In his first new book Gardening in the ruins (editions écosociété), Trievoise Bertille Darragon systematically lists everything that pollutes vegetable gardens, and presents several “tips and tricks” to prevent damage to crops.
What conclusions can be drawn from this work? To find out more, here Grenoble interviewed Bertille Darragon.
* * *
here Grenoble: How was the idea for this book born?
Bertille Darragon: At the end of 2017, with a gardener friend and partner in the environmental struggle, we made the same point: despite the climate disaster and widespread industrial pollution, gardening manuals still give passed the same advice, as if the various accidents were passing. our gardens, like the Chernobyl cloud.
We wanted to do research to better understand how human activity affects plant activity and evolution, what are the reasons for the decline of plant biodiversity, and how to think about concrete mechanisms to manage a garden we are the best at the cost.
We had originally planned some kind of conference, with different speakers. Finally, we chose a written one. For years, we worked on the planetary boundaries 9: we wanted to wipe away all the ecological damage that affects gardens. It was an encyclopedic work… I finished the “chapter” on pollution, and it ended up as a book.
Your work compiles and synthesizes scientific information about ozone, acid deposition, heavy metals, pesticides, plastics, nanomaterials and radionuclides to a great extent. What major scientific sources did you link to?
What was your approach?
Obviously, it would be better to be able to go further, especially on highly controversial topics such as the dangers of GMOs or pesticides. It is inevitable that there is a bias in my research, for example regarding the number of deaths due to Chernobyl.
One of the wonderful lessons we can learn from your book is: “There are no more oases”. No plot of land, or ZAD, or organic vegetable garden is safe from pollution by plastics, by polluted water, by persistent pesticides, by heavy metals or radionuclides. It is impossible to farm without suffering in some way from the disasters of the industrial lifestyle. Impossible to escape from this increasingly toxic world. So we have to fight to change the system. But how? What are the most promising operator dynamics in your eyes?

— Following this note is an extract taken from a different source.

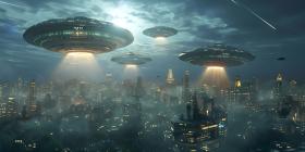 Futuristic Background with UFO Invasion Over the City, UFO Invasion on Futuristic City Background - Ai Generated
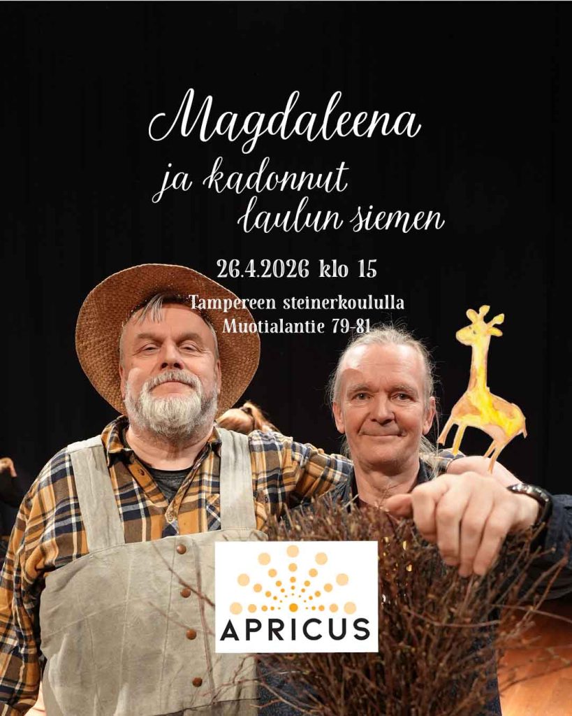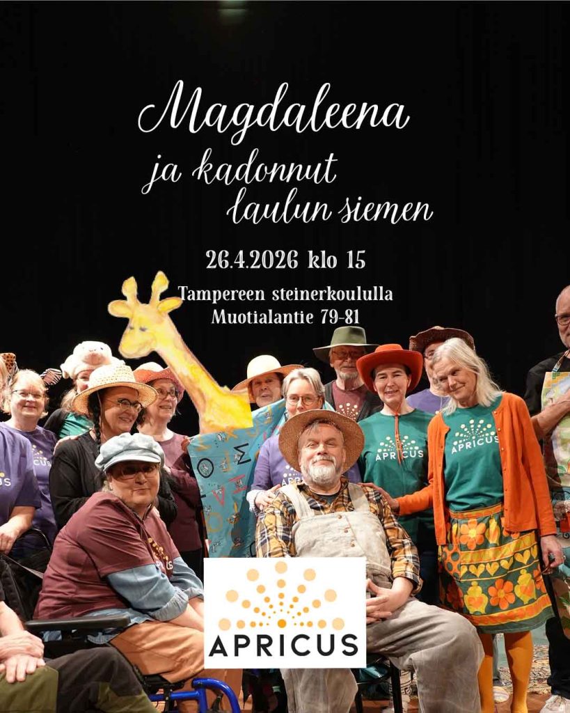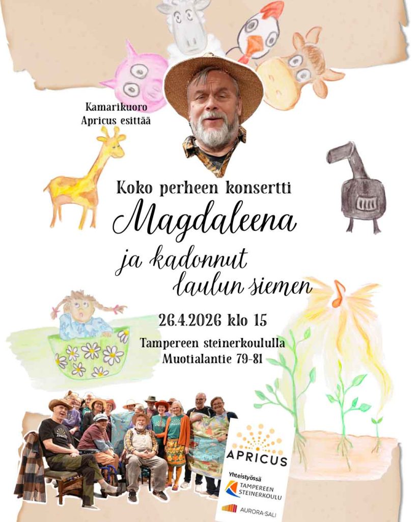 ++ Kamarikuoro Apricus ja Tampereen steinerkoulun 4A-luokka esittävät koko perheen konsertin Magdaleena ja kadonnut laulun siemen 26.4.2026 klo 15 Tampereen steinerkoulun Aurora-salissa osoitteessa Muotialantie 79-81, Tampere.

In my eyes, the most relevant dynamics are those that attempt alliances. For example, environmental associations that support specific requests from the farmer’s movement. Or Fatima Ouassak who wants environmentalists to be a sounding board for the needs of working class neighborhoods. Or even queer market gardeners in Bure who distribute pamphlets explaining the links between anti-sexism and the fight against nuclear power, while they help on farms. I am not the most talented in these alliances, but I thank those who create these links: they are the only shield we have against the current extreme right.
When we read your book, we think strongly about organic food, about the amount of organic agriculture on land that is becoming increasingly toxic, regardless of the efforts of farmers . What is your relationship with organic despite everything? Does eating organically protect us more from pollution, or should we turn to stricter labels? To put it another way, after writing your book, how do you feed yourself?

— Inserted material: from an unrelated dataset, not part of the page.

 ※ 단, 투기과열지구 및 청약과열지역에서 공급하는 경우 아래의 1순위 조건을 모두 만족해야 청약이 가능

For me, eating organic has always been a way, not to protect myself, but to contribute to agriculture that does not add too much pollution to the soil, and to the bodies of agricultural workers. I have not changed my mind or my practice on this. And it suits me better to demand stricter organic labels than to fight for a conventional ban, with support for farmers to change their farming methods.
Despite the many “tips and tricks” you present to help gardeners eliminate a variety of contaminants in vegetable gardens, reading your book can be very discouraging to anyone who wants to start making their own food. In an increasingly toxic world, what’s the point of gardening, after all?

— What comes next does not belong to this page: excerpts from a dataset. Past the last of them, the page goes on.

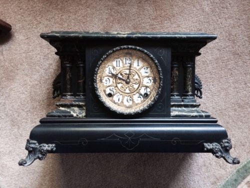 Title (ebay affiliate link): ANTIQUE INGRAHAM MANTEL CLOCK BELMONT , WITH FAUX GREEN MARBLE LOOK
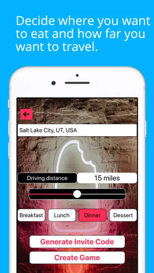 To create a game: as the game creator you need to pick a city that you want to eat in, a radius of how far you would like to travel in that city as well as what type of meal you would like to eat (e.g. breakfast, lunch, dinner, dessert). After you have created your game, an invite code will be saved to your device and you can text that to whoever you would like to join.
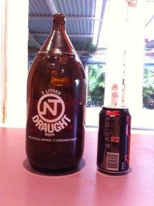 From what BotF can determine NT Draught, which now can only be found in a 2 litre Darwin Stubby, was once brewed in Darwin. It has always been brewed by Carlton & United Breweries and continues to be so, but now as a gift or souvenir beer. With a continuation of Friday ferry festivities at Cantina, BotF thought it appropriate to knock off the Darwin Stubby.

In your vegetable garden, you can do what you can to limit certain pollution, for example by using little or no plastic. This is possible if the size of the garden is compatible with the opportunities we have for manual work.
On the scale of market gardening, we gain productivity as a result of knowledge, experience and working logic. Nevertheless, and even in a small area, it is difficult to get by without using a tractor, a plastic greenhouse, nitrogen pellets, etc. So if the alternative to gardening is to buy your vegetables from the local market gardener, you should help them, to replace some of these products with human labour. But our society is not organized around this, and our lives do not always allow it.
Has writing this book transformed you, or changed your view of the world?
I believe that the thing that changed my view of the world the most is what I read about considering plants. But this chapter remained as a computer file… And otherwise, this research on polluters gave me a thousand reasons to hate this industrial world even more.
What is your next research topic?
For now, I want to have more time for research that directly serves local resistance, whether against the establishment of mega-hill reservoirs or the extension of the Trièves road, the RD1075so it can accommodate more trucks.
* * *
On the same topic:
– How much does an organic vegetable garden “bring in”?
– Can urine be used to fertilize gardens or vegetable patches?
– Where can you learn gardening and grow a vegetable garden when you don’t know anything about it?
– How many farmers would it take for Grenoble to be self-sufficient in food?